Downloading glovetwitter27b100dtxt.zip to /content
 99% 770M/778M [00:14<00:00, 54.3MB/s]
100% 778M/778M [00:14<00:00, 57.8MB/s]
Archive:  glovetwitter27b100dtxt.zip
  inflating: glove.twitter.27B.200d.txt  


In [19]:
import tensorflow.keras
from tensorflow.keras.models import Sequential
from tensorflow.keras.layers import InputLayer, Dense, SimpleRNN, Activation, Dropout, Conv1D
from tensorflow.keras.layers import Embedding, Flatten, LSTM, GRU
from tensorflow.keras.preprocessing.text import Tokenizer
from tensorflow.keras.preprocessing.sequence import pad_sequences
from tensorflow.keras.callbacks import EarlyStopping
import pandas as pd
import numpy as np
import spacy
from sklearn.metrics import classification_report

In [5]:
def load_glove_model(glove_file):
    print("[INFO]Loading GloVe Model...")
    model = {}
    with open(glove_file, 'r') as f:
        for line in f:
            split_line = line.split()
            word = split_line[0]
            embeddings = [float(val) for val in split_line[1:]]
            model[word] = embeddings
    print("[INFO] Done...{} words loaded!".format(len(model)))
    return model
glove_model = load_glove_model("glove.twitter.27B.200d.txt")

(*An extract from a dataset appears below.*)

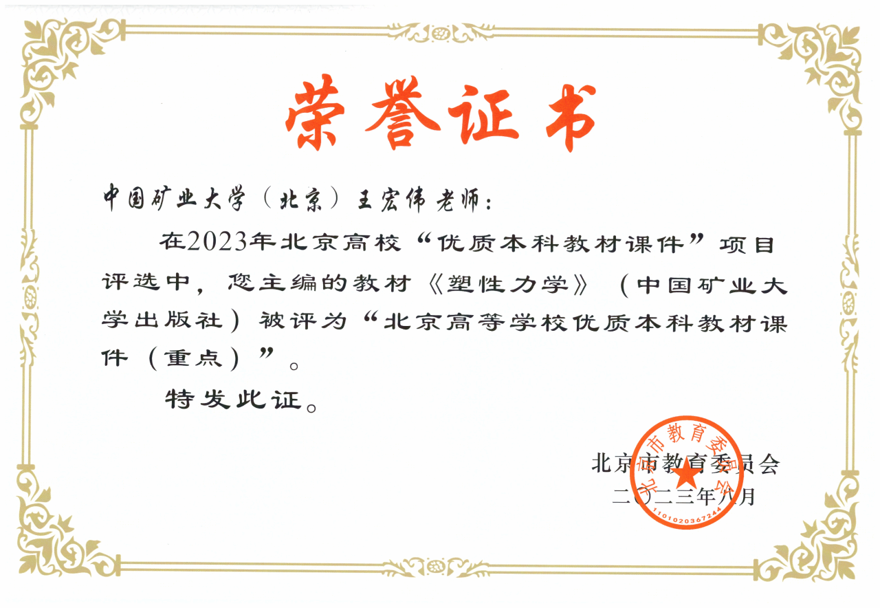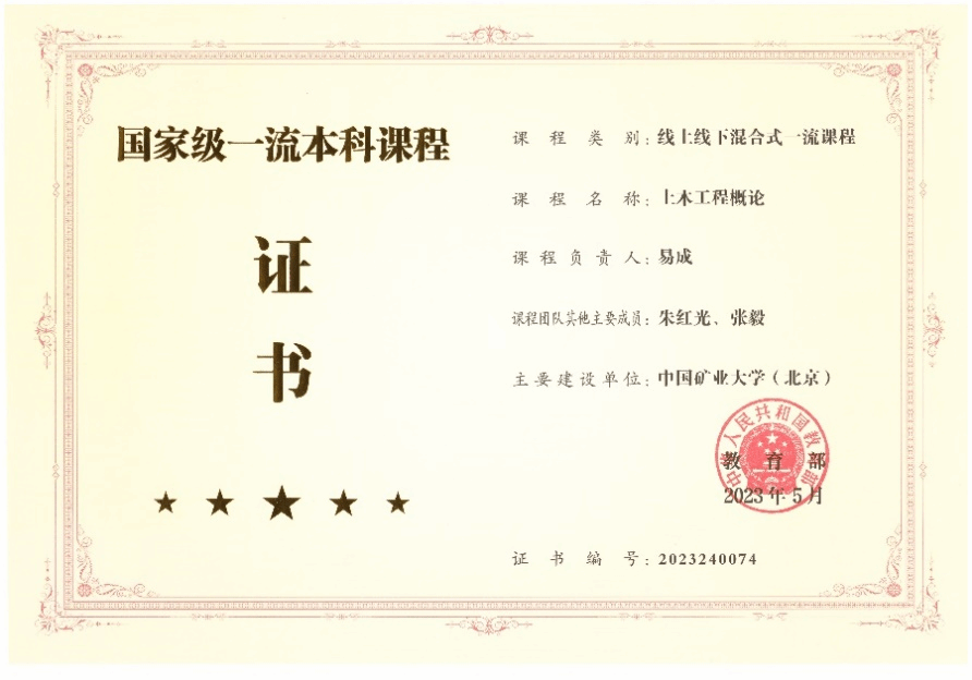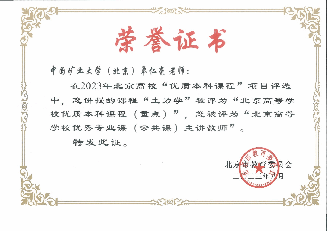学院以课程建设与教学改革立项为抓手,大力打造“金课”、建设“金材”。目前已建成国家级一流本科课程4门、国家思政示范课程1门、北京市高校课程思政示范课程1门、北京市优质本科课程3门(含重点项目2门)、北京高校教书育人“最美课堂”1门,入选全国力学类专业优秀课程思政案例2例。在学校课程中心“路况云学堂”上线课程14门,提供课程难点解析、教学资料等丰富在线学习资源;推进高质量精品课程建设与应用项目4项、线上线下课程培育项目2项。在“金材”建设方面,获评北京市优质本科教材7部、优质教案3部,牵头编写煤炭教育“十四五”规划教材8部,为教学质量提升奠定坚实基础。

[INFO]Loading GloVe Model...
[INFO] Done...1193514 words loaded!


In [6]:
# adopted from utils.py
nlp = spacy.load("en")

def remove_stopwords(sentence):
    '''
    function to remove stopwords
        input: sentence - string of sentence
    '''
    new = []
    # tokenize sentence
    sentence = nlp(sentence)
    for tk in sentence:
        if (tk.is_stop == False) & (tk.pos_ !="PUNCT"):
            new.append(tk.string.strip())
    # convert back to sentence string
    c = " ".join(str(x) for x in new)
    return c


def lemmatize(sentence):
    '''
    function to do lemmatization
        input: sentence - string of sentence
    '''
    sentence = nlp(sentence)
    s = ""
    for w in sentence:
        s +=" "+w.lemma_
    return nlp(s)

def sent_vectorizer(sent, model):
    '''
    sentence vectorizer using the pretrained glove model
    '''
    sent_vector = np.zeros(200)
    num_w = 0
    for w in sent.split():
        try:
            # add up all token vectors to a sent_vector
            sent_vector = np.add(sent_vector, model[str(w)])
            num_w += 1
        except:
            pass
    return sent_vector

In [7]:
!wget https://raw.githubusercontent.com/haochen23/nlp-rnn-lstm-sentiment/master/training.1600000.processed.noemoticon.csv

--2020-06-19 10:20:33--  https://raw.githubusercontent.com/haochen23/nlp-rnn-lstm-sentiment/master/training.1600000.processed.noemoticon.csv
Resolving raw.githubusercontent.com (raw.githubusercontent.com)... 151.101.0.133, 151.101.64.133, 151.101.128.133, ...
Connecting to raw.githubusercontent.com (raw.githubusercontent.com)|151.101.0.133|:443... connected.
HTTP request sent, awaiting response... 200 OK
Length: 2989873 (2.9M) [text/plain]
Saving to: ‘training.1600000.processed.noemoticon.csv’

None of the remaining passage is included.